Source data
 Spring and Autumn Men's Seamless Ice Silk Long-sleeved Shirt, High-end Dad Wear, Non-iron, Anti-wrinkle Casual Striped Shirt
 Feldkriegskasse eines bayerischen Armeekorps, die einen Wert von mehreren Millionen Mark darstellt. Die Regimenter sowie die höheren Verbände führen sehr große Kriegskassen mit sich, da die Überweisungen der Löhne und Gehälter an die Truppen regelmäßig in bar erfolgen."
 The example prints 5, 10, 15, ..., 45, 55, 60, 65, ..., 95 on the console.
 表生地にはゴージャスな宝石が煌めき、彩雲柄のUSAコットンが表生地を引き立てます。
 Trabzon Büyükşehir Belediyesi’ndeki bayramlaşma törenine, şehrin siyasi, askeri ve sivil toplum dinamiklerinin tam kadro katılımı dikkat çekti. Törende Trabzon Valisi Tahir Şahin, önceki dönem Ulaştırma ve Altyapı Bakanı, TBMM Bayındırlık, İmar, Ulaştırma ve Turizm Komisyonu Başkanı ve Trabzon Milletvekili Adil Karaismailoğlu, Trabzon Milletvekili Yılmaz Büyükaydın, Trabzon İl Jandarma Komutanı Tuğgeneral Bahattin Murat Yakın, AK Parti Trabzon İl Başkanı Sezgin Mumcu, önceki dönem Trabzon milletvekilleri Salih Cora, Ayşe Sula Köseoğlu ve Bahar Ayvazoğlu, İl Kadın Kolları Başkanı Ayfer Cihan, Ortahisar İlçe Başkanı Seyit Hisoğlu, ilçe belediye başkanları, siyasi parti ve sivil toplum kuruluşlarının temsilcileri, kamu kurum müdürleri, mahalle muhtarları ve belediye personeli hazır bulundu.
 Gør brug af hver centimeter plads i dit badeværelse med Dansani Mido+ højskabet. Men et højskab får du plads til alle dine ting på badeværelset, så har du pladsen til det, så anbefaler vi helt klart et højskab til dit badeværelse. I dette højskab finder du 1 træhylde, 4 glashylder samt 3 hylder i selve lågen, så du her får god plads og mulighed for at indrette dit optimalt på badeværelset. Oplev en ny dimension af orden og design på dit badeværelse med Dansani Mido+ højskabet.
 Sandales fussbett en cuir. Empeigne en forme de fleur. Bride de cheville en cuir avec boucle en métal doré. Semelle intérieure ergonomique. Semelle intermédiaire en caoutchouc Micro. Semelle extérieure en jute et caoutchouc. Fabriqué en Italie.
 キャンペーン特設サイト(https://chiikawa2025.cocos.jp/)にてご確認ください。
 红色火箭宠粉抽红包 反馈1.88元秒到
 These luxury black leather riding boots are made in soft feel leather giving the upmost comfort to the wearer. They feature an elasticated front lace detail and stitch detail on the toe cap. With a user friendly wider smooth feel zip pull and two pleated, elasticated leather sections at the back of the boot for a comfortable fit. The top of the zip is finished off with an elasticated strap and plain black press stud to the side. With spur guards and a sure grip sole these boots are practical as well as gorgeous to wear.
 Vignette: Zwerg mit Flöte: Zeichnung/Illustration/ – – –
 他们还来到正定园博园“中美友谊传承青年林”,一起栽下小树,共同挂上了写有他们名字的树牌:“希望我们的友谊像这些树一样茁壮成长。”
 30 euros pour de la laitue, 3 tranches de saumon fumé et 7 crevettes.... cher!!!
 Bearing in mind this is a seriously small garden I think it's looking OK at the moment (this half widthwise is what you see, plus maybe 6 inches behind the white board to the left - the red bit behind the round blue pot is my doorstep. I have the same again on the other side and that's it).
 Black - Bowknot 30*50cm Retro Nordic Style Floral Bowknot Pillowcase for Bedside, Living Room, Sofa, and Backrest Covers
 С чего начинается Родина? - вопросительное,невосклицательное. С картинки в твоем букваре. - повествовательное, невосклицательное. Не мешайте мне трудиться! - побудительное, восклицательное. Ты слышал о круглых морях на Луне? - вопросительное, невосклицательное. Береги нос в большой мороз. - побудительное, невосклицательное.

* _Required action_: Every line above from the line with "キャンペーン特設サイト(ht" to the line with "Black - Bowknot" is wanted, ends included; write them out exactly and add no other line.

* _Written response_:
 キャンペーン特設サイト(https://chiikawa2025.cocos.jp/)にてご確認ください。
 红色火箭宠粉抽红包 反馈1.88元秒到
 These luxury black leather riding boots are made in soft feel leather giving the upmost comfort to the wearer. They feature an elasticated front lace detail and stitch detail on the toe cap. With a user friendly wider smooth feel zip pull and two pleated, elasticated leather sections at the back of the boot for a comfortable fit. The top of the zip is finished off with an elasticated strap and plain black press stud to the side. With spur guards and a sure grip sole these boots are practical as well as gorgeous to wear.
 Vignette: Zwerg mit Flöte: Zeichnung/Illustration/ – – –
 他们还来到正定园博园“中美友谊传承青年林”,一起栽下小树,共同挂上了写有他们名字的树牌:“希望我们的友谊像这些树一样茁壮成长。”
 30 euros pour de la laitue, 3 tranches de saumon fumé et 7 crevettes.... cher!!!
 Bearing in mind this is a seriously small garden I think it's looking OK at the moment (this half widthwise is what you see, plus maybe 6 inches behind the white board to the left - the red bit behind the round blue pot is my doorstep. I have the same again on the other side and that's it).
 Black - Bowknot 30*50cm Retro Nordic Style Floral Bowknot Pillowcase for Bedside, Living Room, Sofa, and Backrest Covers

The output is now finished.